I'd suggest "Geeks and their love for cool sounding abbreviations..." as I must confess I'm partial to an acronym. Who am I kidding, every hacker knows that projects start with sub-zero acronyms! One of my favourites was FLAMES (Fundamental Logical Algorithmically Mapped Encryption Structures), which was basically a data structure used to compare "components" using bitwise operations for speed. Or so I told myself :)
-
-
Friday 18th August 2023 14:26 GMT abend0c4
Beware the perils of space
Or, rather, lack thereof.
I've done rather more than my fair share of staring blankly at hex dumps of assorted ROMs trying to work out what was going on and one of the issues with more "mature" systems is that a considerable amount of ingenuity was often expended to get the code to fit the space available. I vaguely recall that the Commodore PET ROM relied rather heavily on jumping into the middle of instructions (often operands whose values were also valid opcodes).
Even if your decompiler can solve those kinds of oddities, I suspect the recompiled code stands a good chance of being bigger than the original as it's unlikely to make use of such arcane optimisations. Perhaps not even the expletive-powered encouragement of the deputy chairman of the Conservative party would be sufficient to make it go back where it's come from.
-
Friday 18th August 2023 18:36 GMT Jou (Mxyzptlk)
Re: Beware the perils of space
> Commodore PET ROM relied rather heavily on jumping into the middle of instructions
I remember programming on the C16, a faster draw-line routing than the basic supplied, using the built-in assembler-disassembler. During initialization to draw the line I self-modified the loop to switch between DEX and INX and a few BEQ to BNE instructions, depending which of the eight quadrants (or four possible general directions) are we in.
-
Friday 18th August 2023 19:57 GMT Lil Endian
Re: Beware the perils of space
"...staring blankly at hex dumps of assorted ROMs... I totally hear what you're saying abend0c4!

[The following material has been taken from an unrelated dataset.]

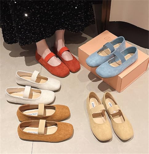 Suede Ballet Flats for Women Soft Square Toe Shoes Mary Jane Flats Slip On Leather Comfortable Ballerina Shoes 6

That made me think of the Acorn Atom (that I still have) which has a free (EP)ROM slot that can take a daughter board, seating eight ROMs, individually selectable. That's populated with ROMs for disassembly, hex dumps etc etc. Ah! I know that blank stare all too well!
About your point, space, yep! Not a discipline that someone who's only banged out some C#/.NET spaghetti is going to manage too well, me thinks!
-
Wednesday 30th August 2023 10:48 GMT Jamie Jones
Re: Beware the perils of space
Good point. And I used to do similar on the ZX Spectrum. Saving one byte was a great thing.

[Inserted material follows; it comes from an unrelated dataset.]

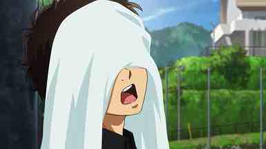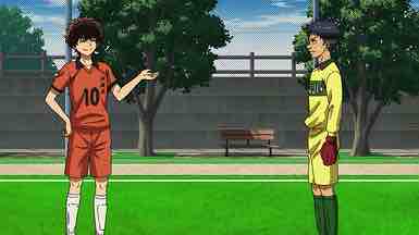 Those of you who follow soccer know that this sort of thing happens all the time. Guys try to goad especially troublesome opponents into lashing out at them and getting booked, sometimes successfully. Usually it takes the form of a slap, but I’m put in mind of Leicester’s Jamie Vardy suckering Sevilla’s Samir Nasri into butting him (and getting sent off) in the late stages of their round of 16 Champion’s League tie in 2017. It’s part of the dark side of soccer (like diving and racist fans) but it’s a very real part of the game (indeed the most unrealistic thing here may be the keeper apologizing after the fact). This slip-up not only costs Aoi’s team the match, but him a possible recommendation to a soccer power high school.

Other examples: XOR A (xor a with a) was 1 byte, whilst "LD a, 0" was 2 bytes.
Blanking unused bits of the screen, and using the area to store data...
Also a lot of what would be called "self-modifying code" to speed up loops etc.
Fun times.
-
-
-
Friday 18th August 2023 17:17 GMT Anonymous Coward
Seriously???????????
Has everyone forgotten what patching used to be? In the beginning, patching was clipping a wire or adding a new wire. Then patching was inserting or removing cards in a deck. Next was to replace a cpu instruction with a jump, adding your patch at that location,and jumping back to the next instruction. And that's where patching ended and recompile-and-replace took over.
-
Saturday 19th August 2023 09:45 GMT Anonymous Coward
Re: Seriously???????????
Has everyone forgotten what patching used to be?
Be serious. Most of the new kids barely know what a baudrate is, let alone educate themselves over historic gear with instructions on parchment (actually, the fact that instructions come with something dates it in itself).
:)
-
Saturday 19th August 2023 13:34 GMT John Brown (no body)
Re: Seriously???????????
"actually, the fact that instructions come with something dates it in itself"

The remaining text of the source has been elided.